Episode 87. In which I get a bit maudlin.

This week I’ve watched a few programmes in which couples have been split up by one of them dying.  In one case this was a very old couple, who did that TV drama thing of showing just how they’re still as much in love as they were in the twenties by kissing each other on the mouth  Of course you only do that after the age of fifty if you’re with your soulmate, or at least that’s what TV would have you believe.

The old lady had an operation, and had signed a DNR so that no steps could be taken to keep her alive if she wasn’t capable of staying alive on her own.  The old man seemed cool with this at the time.  Then, of course, she goes in for the operation, starts fading, and the old man demands that she be hooked up to every machine under the sun, because he’s not ready to lose her.  It was all quite a cliche.

Until the very end, when the old lady was gone, and with the music swelling they showed the old man being escorted to the door by the surgeon, who shook his hand and saw him on his way.  The old man tottered off on his own.  Presumably to eat whatever his ever-loving wife had left in the fridge for him to eat that night, and begin his new life as a widower in a big empty house all on his own.

This, of course, is a very sad thought, but for some reason it really got to me this time.  I got it into my head what would happen if I died, and how My Man would handle it.  Or if he died, how I would handle it.

I don’t mean to be gooey, I don’t want to make assumptions about his capacity to survive without me or anything, but I just thought, that looks like the worst thing in the world.  I wouldn’t know where to put myself, what to do with myself, I wouldn’t know where to look or when to breathe, I think some time would pass before I was able to function to any degree, I certainly couldn’t get in a car and drive, or get on a bus and navigate my way home, I probably wouldn’t get as far as calling a cab.

Sometimes my imagination gets the better of me, I’m not a fantasist or anything, I don’t just make shit up.  But sometimes I get a bit overly empathetic with things I see.  I’m sure this is what acting is all about and this is the reaction the programme-makers hope for.  But I saw this old man (who I recognised but I don’t know from where) and I thought, people go through that every day, hundreds of people every day, maybe thousands, all over the world, and they’re not all old, they haven’t all lived a life together, not everyone dies in a hospital and not everyone gets to hold hands with the ones they love as they slip away.  I thought, one day, if I’m lucky (by which I mean lucky enough to have someone with me to the end) then I will be on one side or the other of that situation.  I will either die and leave someone behind, or I will lose someone and be left alone.

And let’s be honest, thanks to my fucked up pancreas my chances of making it to average life expectancy isn’t that great.  That said, my paternal great granny lived to be 103 and my maternal grandad lived to 93, so my genetic life expectancy might be higher than average and I might be alright.  And I’ve no plans to fuck up my treatment to the point of multiple amputations.

Anyway, I don’t care if it happens to hundreds of people every day.  That doesn’t make it any less awful, and I have to slow my brain down a bit to even think about it now, should the situation arise I might just shut down altogether.  Maybe it’s something that you start to get your head around as you get older, maybe it becomes more bearable as you learn more about life in general.
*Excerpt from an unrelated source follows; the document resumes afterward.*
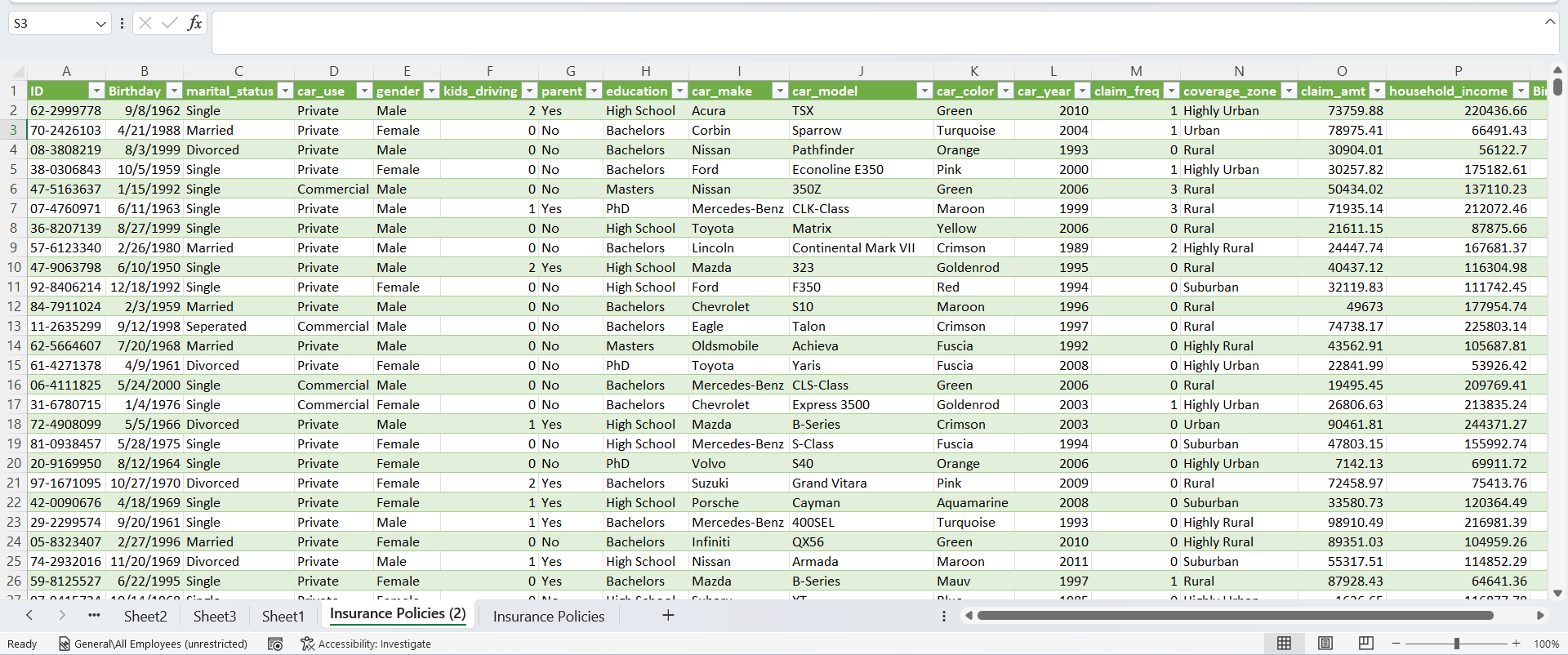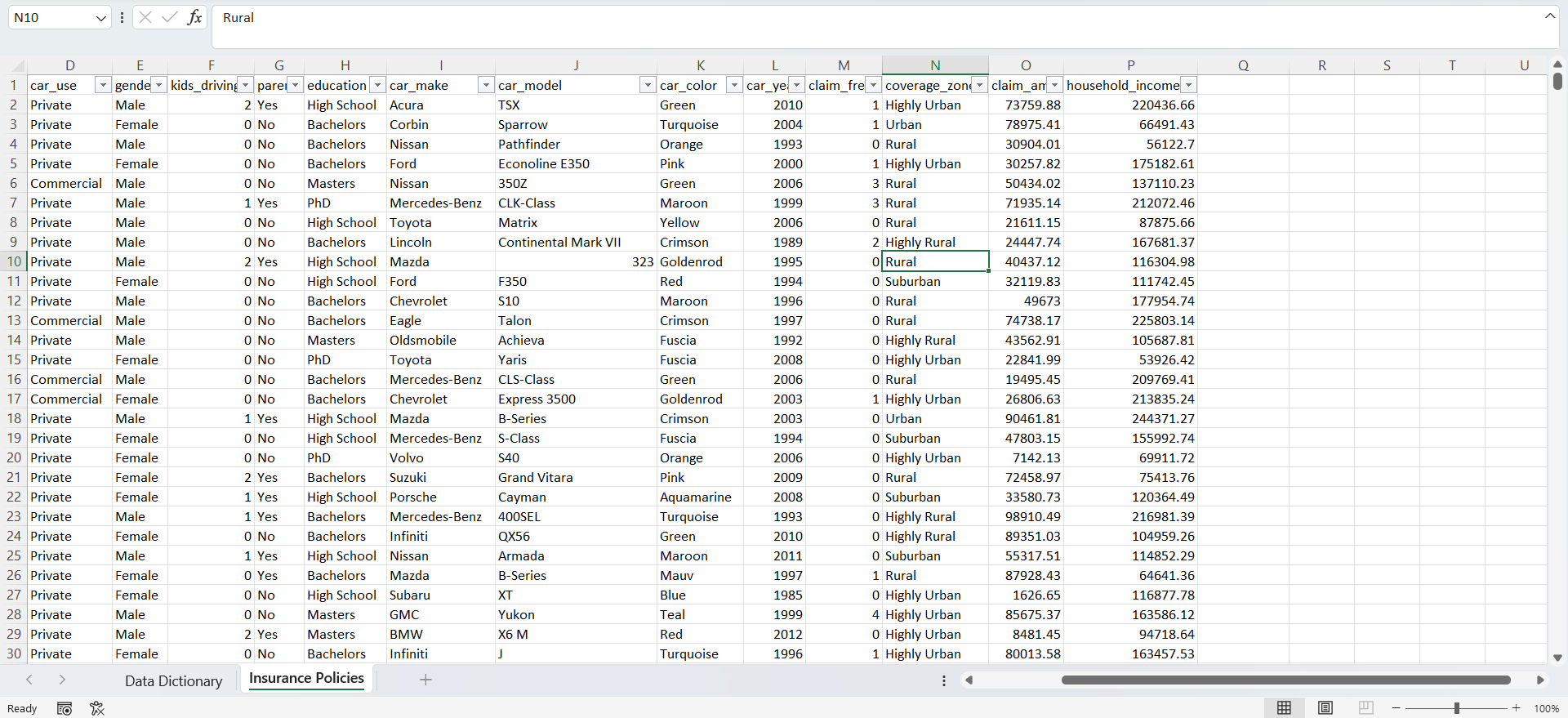 The car insurance claims data is a fictitious data compiled by Onyx data for data analysis challenge of August 2023. Together with a group of like-minded analysts, we decided to analyse the data using Microsoft Excel.

I’m not thirty yet, it’s natural for me to think of death as something inevitable but far away.  Maybe when I’m sixty it’ll be inevitable and more conceivable somehow.  I suppose thinking of death as a young ‘un it seems unfair, but then it would, I haven’t lived my life yet.  Maybe when I’ve done what I need to do, lived a life I feel happy with, reached as many of my goals as I have it in me to reach, death will seem, not less unfair, but less…

Maybe less premature.

I know life is short, I know death is inevitable, I have no illusions about immortality.  But perhaps having to be aware of it at this age is what’s unfair.  Surely it’s the sort of thing that the young shouldn’t have to worry about.  In an ideal world everyone would live until they had achieved and experienced everything that was in their power, they wanted to.  When I’ve achieved and experienced and all that stuff, the “but I never got a chance to…” factor will be vastly reduced.

I have had it shoved down my throat how I’m x times more likely to get heart disease than non-diabetics, I’m y times more likely to go blind.  However, these are all complications that come about because of elevated blood sugar levels over extended periods of time, so I’m going with the argument that as long as I stay on top of things, keep my sugars where they should be, I’ll be fine.

What worries me is that my diabetes type is unknown (seriously, I am officially semi-diagnosed) and therefore nobody can vouch for what is going to happen to me five years down the line, never mind thirty years later.

And that is what I mean by maudlin.


Diabetic moment of the day

I’m alright today.  I want cheesecake, but of course a) I’m not allowed it and b) there’s none in the house.  That is for the best.